The Wentworths were one of the wealthiest and most influential families in New Hampshire before the American Revolution. Thomas Wentworth, whose uncle and brother both served as Royal Governors of the province, received this house as a wedding gift from his parents in 1760. Thomas and his wife had five children over the next few years; however, he died in this house only eight years after it was built.
William Gardner purchased the house in 1793. A major during the Revolutionary War, he served as General Washington's Commissary, procuring supplies for the revolutionary army. When the new government lacked funds, he used his own money to purchase goods and ended the war nearly penniless.
To repay him for his sacrifice, President Washington named Major Gardner a United States Loan Commissioner. William Gardner lived in this mansion until his death in 1833, and his widow owned the home until 1854.

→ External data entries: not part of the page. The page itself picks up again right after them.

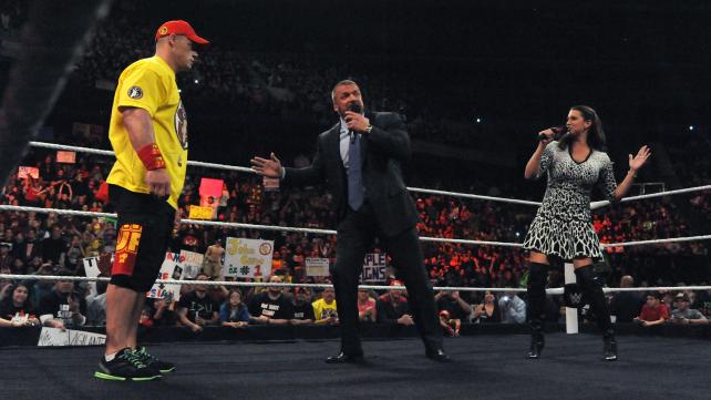 درقسمت بعد آئتوریتی متشکل از تریپل ایچ و استفنی مکمن وارد میشن و تقریبا واکنش خوبی میگیرن.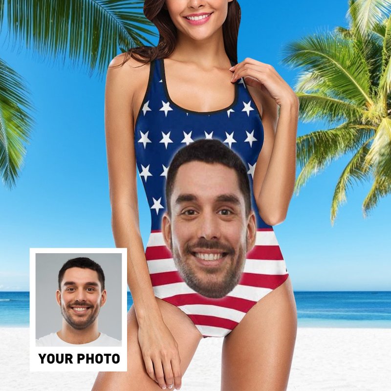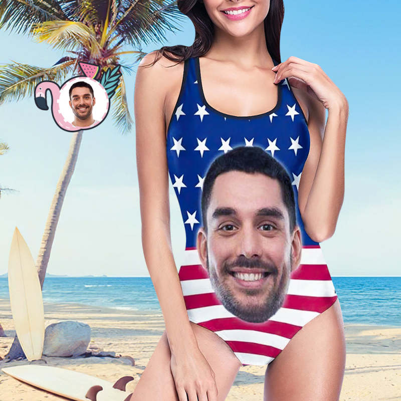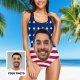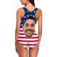 カスタムフェイス水着‐レディースフォトサスペンダーワンピースタンクトップ水着-アメリカ国旗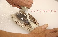 | ひれ(通称:えんぺら)を持ち、親指を間に入れて胴からはぎ取る |

During the 1860s, this area of Portsmouth became a seedy neighborhood filled with pubs and brothels. Owners converted the Wentworth-Gardner House and the nearby Tobias Lear House into tenant apartments. They continued boarding guests until author and photographer Wallace Nutting purchased the Wentworth-Gardner in 1915. He restored the Wentworth-Gardner to its 18th-Century elegance.

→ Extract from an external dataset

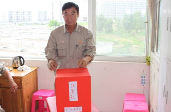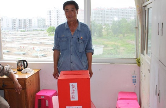 監(jiān)票人在檢查投票箱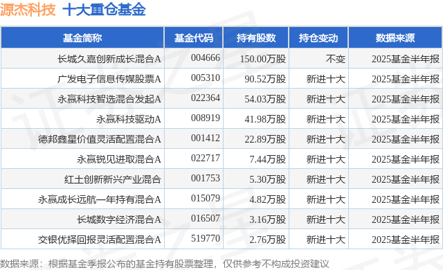 重仓源杰科技的前十大公募基金请见下表:

Wallace Nutting sold the mansion to New York City’s Metropolitan Museum of Art in 1918. The new owners intended to move the building to New York City, but the plan failed with the stock market crash in 1929.
Not surprisingly, the house is listed on the National Register of Historic Places and is a National Historic Landmark.
The South End is a great place to walk in Portsmouth, especially the area around Pleasant Street, Gates Street, Marcy Street, and Mechanic Street. Shady sidewalks along quiet roads, dozens of historic homes, and very friendly residents make any ramble worthwhile. If you go, please respect the property and privacy of the nonpublic homes.